### [To do]
Exact transcription with no images: write out all of the entries below.

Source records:
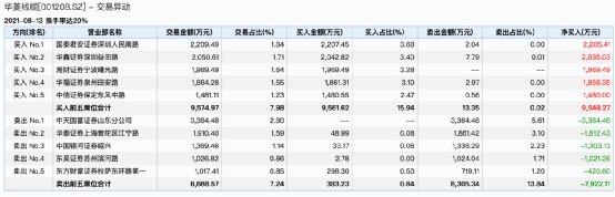 卖一为中天国富证券山东分公司,该席位卖出3364.48万元。卖五为东方财富证券拉萨东环路第一证券营业部,净卖出420.80万元。
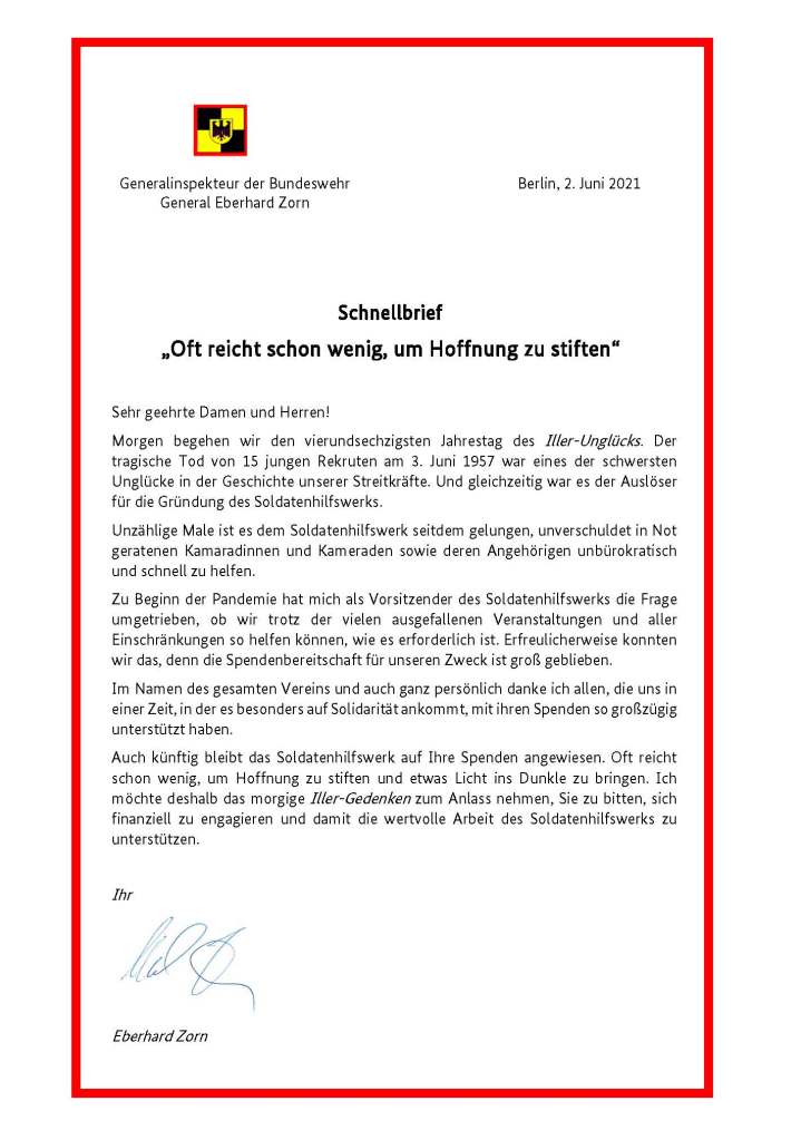 Am 02. Juni 2021 hat der Generalinspekteur der Bundeswehr, Herr General Eberhard Zorn, mit einem Schnellbrief an die Truppe zur Unterstützung des Soldatenhilfswerkes aufgerufen. Damit ist der „Startschuss“ für die diesjährige Spendensammelaktionen innerhalb der Einheiten der Bundeswehr erfolgt. Es sollte eine Selbstverständlichkeit sein, dass die Soldaten Spenden an Ihre Selbsthilfeorganisation geben, damit diese ihre Aufgaben erfüllen und unverschuldet in Not geratene Soldatinnen und Soldaten sowie deren Familien unterstützen kann.
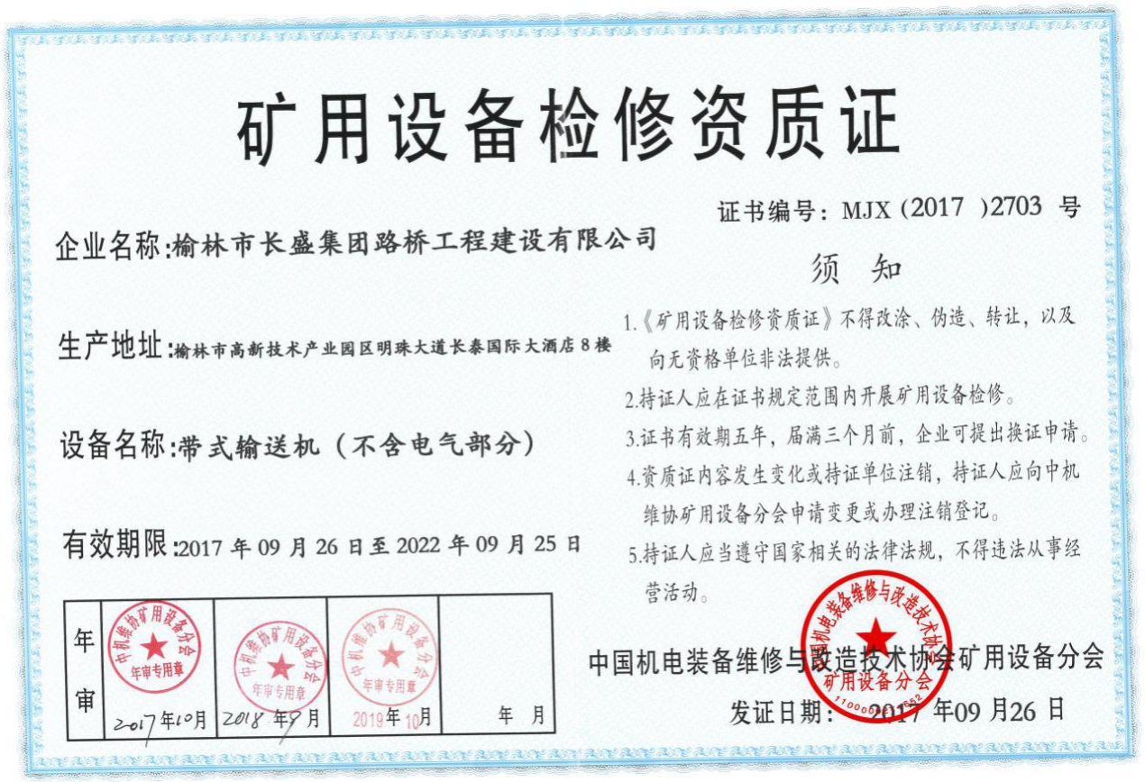 矿用设备检修资质
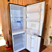 こんなに大きな冷蔵庫も!洗濯機(洗剤あり)やガス乾燥機もあるので、1泊〜長期まで、心置きなくお楽しみいただけます♪
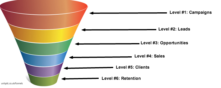 A simple sales funnel with 6 levels.
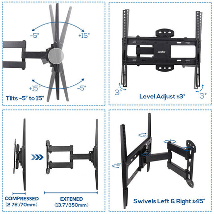 - Enhanced Viewing Experience: Enjoy the freedom to tilt, swivel, and extend your TV. Tilt up and down to reduce glare, swivel left and right for the perfect view from any angle, and extend up to 16 inches to bring your favorite shows and movies to life.
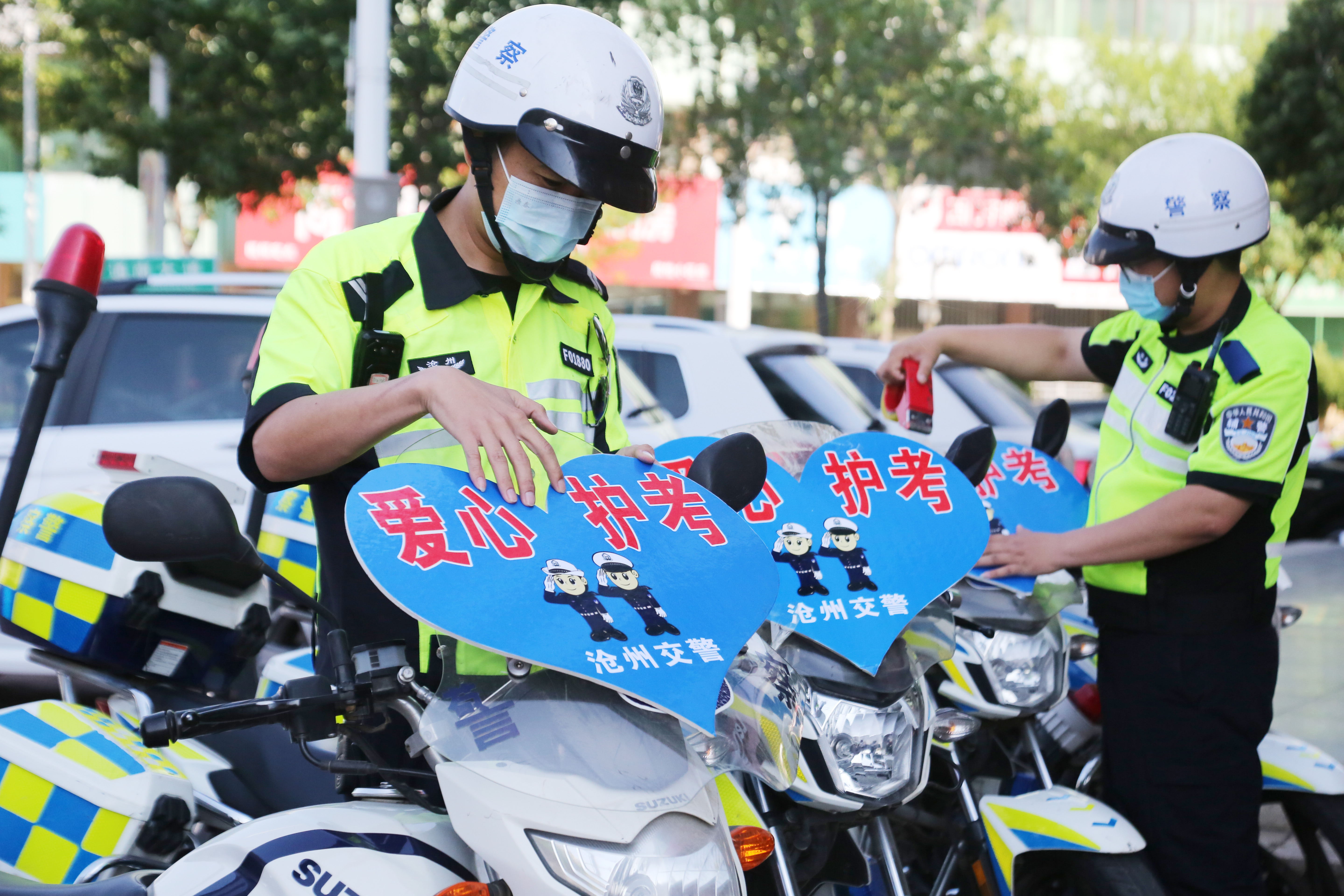 高考在即,河北省滄州市交警提前部署高考護(hù)考管控措施,參加維護(hù)高考交通秩序和護(hù)送考生車輛的執(zhí)勤交警提前進(jìn)入高考狀態(tài),以良好的精神狀態(tài)為高考學(xué)子和接送考生的車輛“護(hù)航”。圖為滄州市公安交警支隊(duì)二大隊(duì)鐵騎交警提前行動,細(xì)心檢查摩托車機(jī)械運(yùn)行狀況、粘貼“愛心護(hù)考”標(biāo)識牌,“備戰(zhàn)”高考。

### [Response to this exercise]
 卖一为中天国富证券山东分公司,该席位卖出3364.48万元。卖五为东方财富证券拉萨东环路第一证券营业部,净卖出420.80万元。
 Am 02. Juni 2021 hat der Generalinspekteur der Bundeswehr, Herr General Eberhard Zorn, mit einem Schnellbrief an die Truppe zur Unterstützung des Soldatenhilfswerkes aufgerufen. Damit ist der „Startschuss“ für die diesjährige Spendensammelaktionen innerhalb der Einheiten der Bundeswehr erfolgt. Es sollte eine Selbstverständlichkeit sein, dass die Soldaten Spenden an Ihre Selbsthilfeorganisation geben, damit diese ihre Aufgaben erfüllen und unverschuldet in Not geratene Soldatinnen und Soldaten sowie deren Familien unterstützen kann.
 矿用设备检修资质
 こんなに大きな冷蔵庫も!洗濯機(洗剤あり)やガス乾燥機もあるので、1泊〜長期まで、心置きなくお楽しみいただけます♪
 A simple sales funnel with 6 levels.
 - Enhanced Viewing Experience: Enjoy the freedom to tilt, swivel, and extend your TV. Tilt up and down to reduce glare, swivel left and right for the perfect view from any angle, and extend up to 16 inches to bring your favorite shows and movies to life.
 高考在即,河北省滄州市交警提前部署高考護(hù)考管控措施,參加維護(hù)高考交通秩序和護(hù)送考生車輛的執(zhí)勤交警提前進(jìn)入高考狀態(tài),以良好的精神狀態(tài)為高考學(xué)子和接送考生的車輛“護(hù)航”。圖為滄州市公安交警支隊(duì)二大隊(duì)鐵騎交警提前行動,細(xì)心檢查摩托車機(jī)械運(yùn)行狀況、粘貼“愛心護(hù)考”標(biāo)識牌,“備戰(zhàn)”高考。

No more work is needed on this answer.